◆ Instructions for the task ◆
The lines below, from the one holding "FedAT: A High-Performance" through the one holding "大法弟子叩拜恩师! 河北省邢台地区一农村三学法小组大法弟子齐敬师尊新年快乐!", are to be restated word for word, with all images left out.

◆ Records provided ◆

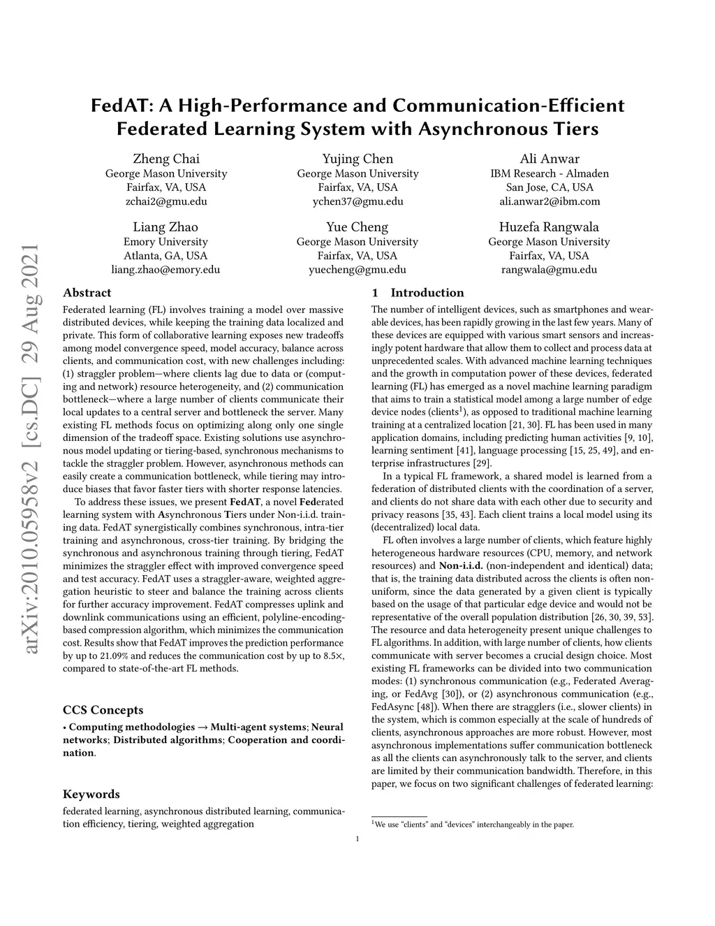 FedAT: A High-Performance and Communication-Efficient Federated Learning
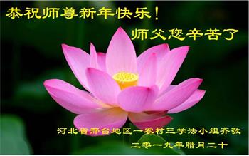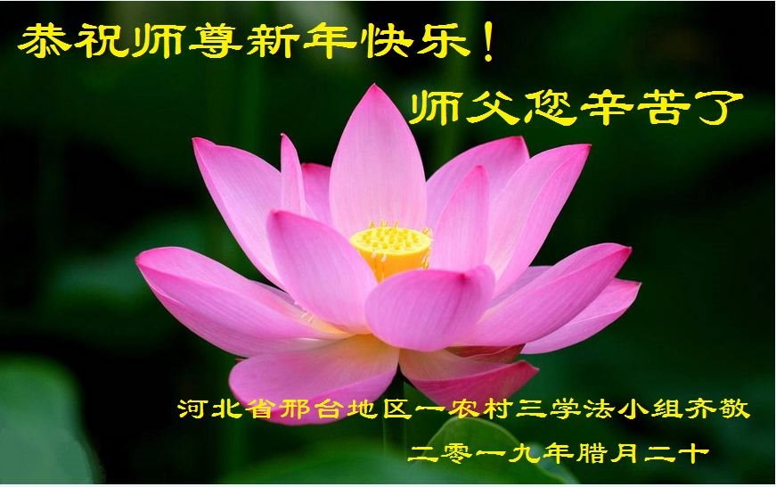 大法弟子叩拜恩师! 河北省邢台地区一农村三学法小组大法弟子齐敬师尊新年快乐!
==
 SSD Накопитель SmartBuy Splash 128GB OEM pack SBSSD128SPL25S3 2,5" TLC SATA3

◆ Answer to the exercise ◆
 FedAT: A High-Performance and Communication-Efficient Federated Learning
 大法弟子叩拜恩师! 河北省邢台地区一农村三学法小组大法弟子齐敬师尊新年快乐!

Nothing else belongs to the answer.